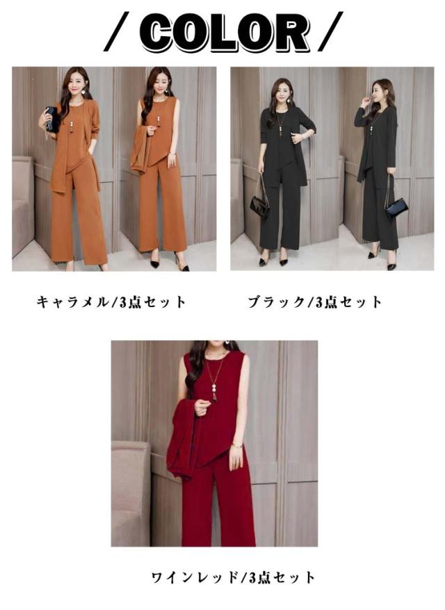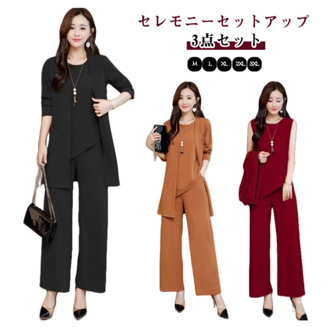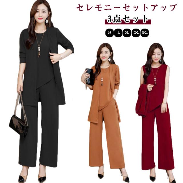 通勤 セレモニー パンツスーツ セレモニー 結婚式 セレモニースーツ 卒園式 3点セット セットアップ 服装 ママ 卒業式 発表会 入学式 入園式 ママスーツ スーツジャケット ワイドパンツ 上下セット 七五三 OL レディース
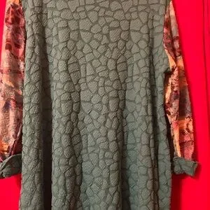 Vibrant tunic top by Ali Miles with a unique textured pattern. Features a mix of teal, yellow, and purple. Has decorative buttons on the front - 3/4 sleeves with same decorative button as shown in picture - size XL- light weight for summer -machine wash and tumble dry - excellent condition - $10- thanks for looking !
==
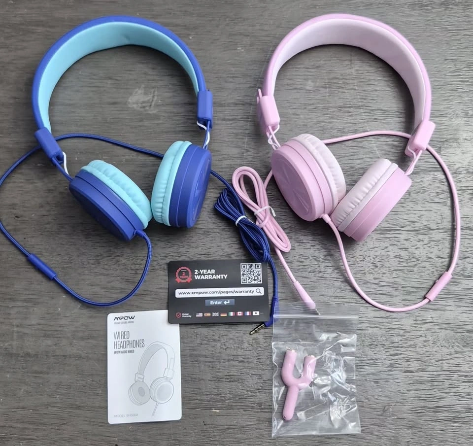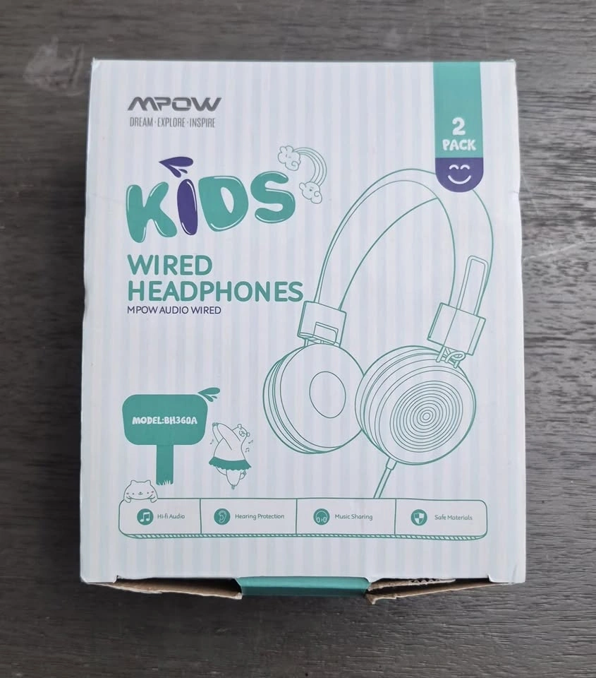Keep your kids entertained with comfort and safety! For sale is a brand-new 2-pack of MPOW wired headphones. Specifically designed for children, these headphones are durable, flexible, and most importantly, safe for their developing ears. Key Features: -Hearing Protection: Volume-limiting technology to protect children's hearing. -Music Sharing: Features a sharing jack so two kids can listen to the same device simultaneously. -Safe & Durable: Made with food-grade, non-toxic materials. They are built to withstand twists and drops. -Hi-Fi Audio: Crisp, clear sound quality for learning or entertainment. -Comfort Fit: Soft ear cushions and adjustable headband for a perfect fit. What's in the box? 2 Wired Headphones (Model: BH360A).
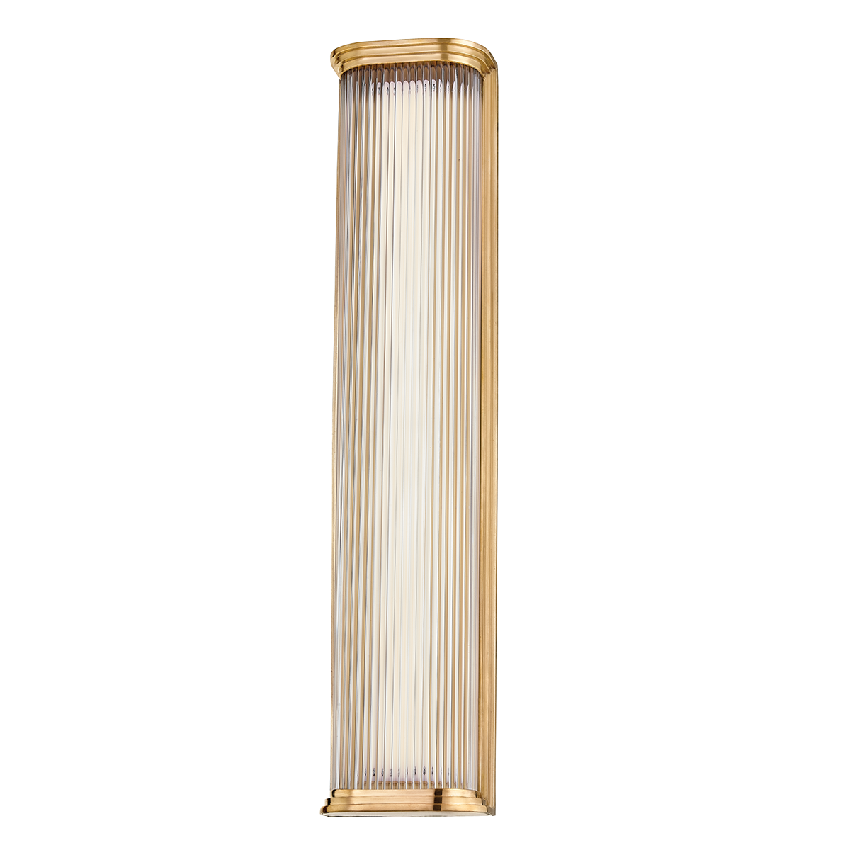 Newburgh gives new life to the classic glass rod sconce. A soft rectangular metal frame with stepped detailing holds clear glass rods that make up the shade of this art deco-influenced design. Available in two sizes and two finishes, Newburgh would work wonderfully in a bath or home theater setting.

- [Work to be completed] Starting at the line above that holds "Keep your kids", return each line up to and including the one that holds "Newburgh gives new", exactly as written, minus any pictures.

- [Problem solution]
Keep your kids entertained with comfort and safety! For sale is a brand-new 2-pack of MPOW wired headphones. Specifically designed for children, these headphones are durable, flexible, and most importantly, safe for their developing ears. Key Features: -Hearing Protection: Volume-limiting technology to protect children's hearing. -Music Sharing: Features a sharing jack so two kids can listen to the same device simultaneously. -Safe & Durable: Made with food-grade, non-toxic materials. They are built to withstand twists and drops. -Hi-Fi Audio: Crisp, clear sound quality for learning or entertainment. -Comfort Fit: Soft ear cushions and adjustable headband for a perfect fit. What's in the box? 2 Wired Headphones (Model: BH360A).
 Newburgh gives new life to the classic glass rod sconce. A soft rectangular metal frame with stepped detailing holds clear glass rods that make up the shade of this art deco-influenced design. Available in two sizes and two finishes, Newburgh would work wonderfully in a bath or home theater setting.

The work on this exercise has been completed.